9919fbf8f8
Two operators in a row hit the same crash-loop on upgrade:
Error: running migrations
Caused by:
migration 9 was previously applied but has been modified
sqlx records a SHA-384 of each migration's bytes when first applied,
then verifies the on-disk bytes still match on every subsequent boot.
Cross-build drift (trailing newlines, line-ending normalization, etc.)
produces different bytes for semantically-identical SQL — and sqlx
refuses to start. Recovery required SSHing in and running:
sqlite3 /data/keysat.db "DELETE FROM _sqlx_migrations WHERE version = 9;"
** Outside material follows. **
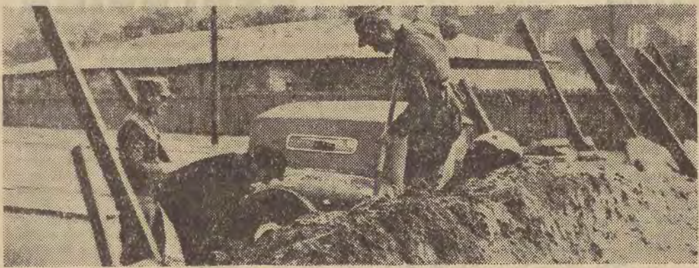
Na zdjęciu: umacnianie zapór przeciwczołgowych.

That's bad UX. Worse, every operator going through this version
range hits it once.
Self-heal: db::init now wraps sqlx::migrate!().run() with detection
for MigrateError::VersionMismatch(N) on a constant allowlist of
migrations certified safe to re-run (IDEMPOTENT_MIGRATIONS, just [9]
for now). When triggered, the daemon clears the stale row, retries,
logs a WARN explaining what happened, and continues. No SSH dance.
Allowlist gate is critical — auto-clearing checksums on additive
ALTER TABLE migrations like 0010 would error on retry (SQLite has
no ADD COLUMN IF NOT EXISTS). Only migrations explicitly designed
as drop-and-rebuild (like 0009) and tested via the
`migration_NNNN_is_idempotent` pattern in tests/migrations.rs
qualify.
Regression test in tests/migrations.rs exactly simulates the
production incident:
1. apply all migrations cleanly
2. poison v9's recorded checksum with bogus bytes
3. confirm raw sqlx::migrate! bails (proves the poisoning works)
4. call db::init — must succeed by clearing + re-applying v9
5. confirm v9 + v10 are both recorded with non-poisoned checksums
Test count: 38 (was 37; +1 db_init_self_heals test).
For operators currently stuck on the :49 crash-loop: just upgrade
to :50 from the StartOS marketplace. The :50 daemon will see the
mismatch on first boot, auto-clear v9's row, re-apply (0009 is
idempotent by design), and continue to 0010. No manual sqlite3 needed.